Do them a favor and buy lots of fast growing stem plants, and floating plants..

Using products like Cycle will actualy make the process take longer. You can tell by reading the directions, it requies you to constantly add the product, because the bacteria does not survive and replicate on its own. Once you stop using it ... they die and you're right back to an uncycled aquarium.

Black Tetras (long fin version called Black Skirt Tetra), possibly Tiger Barbs. Larger Tetras, Rasboras ... all must be tank bred, not wild caught. Make sure you pick ones that will fit in your overall stocking plan.


----------



## jaysee

The best fish to use for fish in cycled are goldfish. All other fish rely on passive diffusion via the gills, to rid their bodies of ammonia. That means that the concentration of ammonia in the water and in the fish are one and the same. This is why it's important to keep the ammonia levels as low as possible. When you have 1 ppm of ammonia in the water, that means that the fish has 1 ppm in it's body, which is what poisons them. Goldfish, on the other hand, can actively excrete ammonia in the form of waste. That means that if the tank has 1 ppm of ammonia, the fish will have less. That is why goldfish are good for cycling, and that is how they survive the awful conditions they are all too often kept in.


----------



## thekoimaiden

Seeing as most of the fish that are hardy enough to survive a cycle and small enough to fit in your tank are small schooling fish, you'll need at least 6 of the species. Even zebra danio would need at least six. The fish that are hardy enough to survive a cycle and fit your requests are pristella tetra, cherry barb, bloodfin tetra, buenos aires tetra, and male Betta splendens (this is the only fish that should be kept singly). You can click on the shaded names to see pictures. As you have not provided us with your local water parameters (GH, KH, and pH) all of the fish I have provided are very adaptable.

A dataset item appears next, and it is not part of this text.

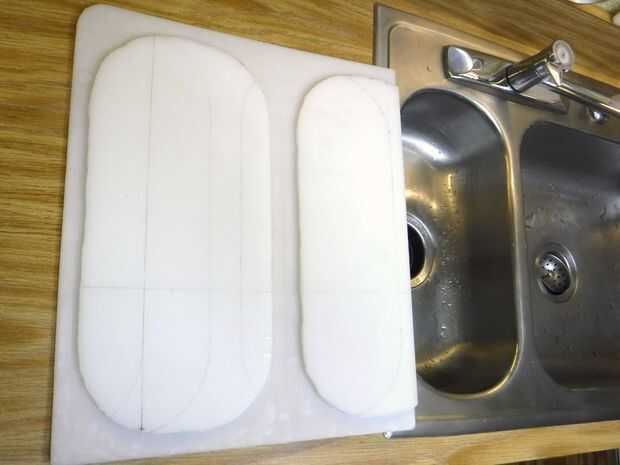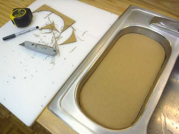 Corté un patrón de cartón que calcen bien en el lado del bien y remonta dos veces en el fondo de un bonito nuevo ½" tabla para cortar. Con un ¾" conjunto de bits para cortar 9/16" profundidad, envían el área fuera de los patrones. Ya que no muestra este corte, que libre se. Redondea las esquinas, cortadas todos lo creep y cayó en el fregadero.

Goldfish are not advisable for a fish in cycle in this tank because it will not fit in your final stocking plan. A single fancy goldfish could be kept in this tank, but no other fish could be added.


----------



## jaysee

No, I wouldn't suggest atually keeping a goldfish in the tank, but the OP wanted to know what was the best and that is them. They can certainly use a feeder goldfish for the purpose of cycling, rather than subject the fish they actually want to keep to the poisoning.

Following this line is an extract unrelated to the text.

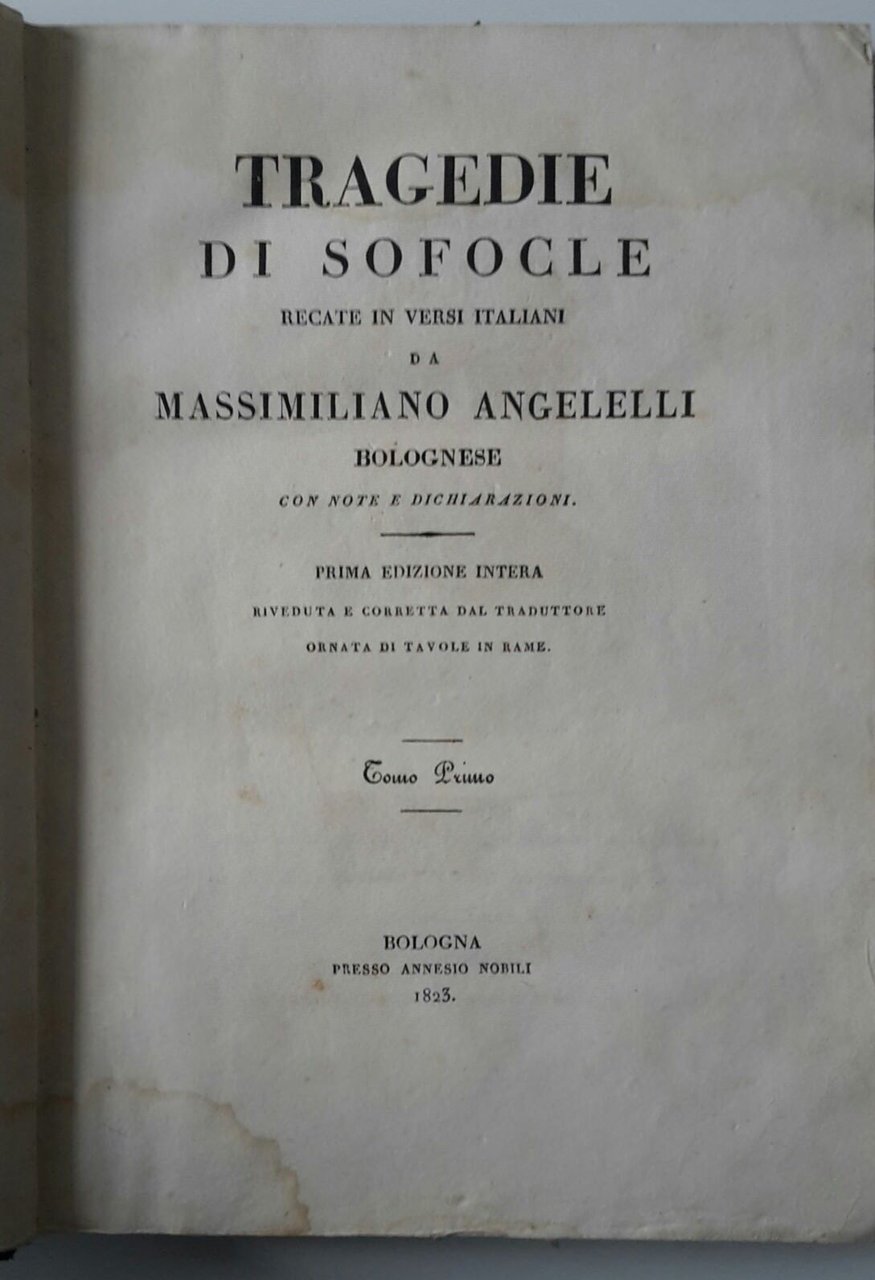 TRAGEDIE DI SOFOCLE RECATE IN VERSI ITALIANI DA MASSIMILIANO ANGELELLI BOLOGNESE CON NOTE E DICHIARAZIONI

But I agree with geo - there are no pros.....


----------



## 1077

jaysee said:


> No, I wouldn't suggest atually keeping a goldfish in the tank, but the OP wanted to know what was the best and that is them. They can certainly use a feeder goldfish for the purpose of cycling, rather than subject the fish they actually want to keep to the poisoning.
> 
> But I agree with geo - there are no pros.....


 
Feeder goldfish are often disease infested and as such,,is good way to introduce parasites disease.


----------



## 1077

thekoimaiden said:


> Seeing as most of the fish that are hardy enough to survive a cycle and small enough to fit in your tank are small schooling fish, you'll need at least 6 of the species. Even zebra danio would need at least six. The fish that are hardy enough to survive a cycle and fit your requests are pristella tetra, cherry barb, bloodfin tetra, buenos aires tetra, and male Betta splendens (this is the only fish that should be kept singly). You can click on the shaded names to see pictures. As you have not provided us with your local water parameters (GH, KH, and pH) all of the fish I have provided are very adaptable.
> 
> Goldfish are not advisable for a fish in cycle in this tank because it will not fit in your final stocking plan. A single fancy goldfish could be kept in this tank, but no other fish could be added.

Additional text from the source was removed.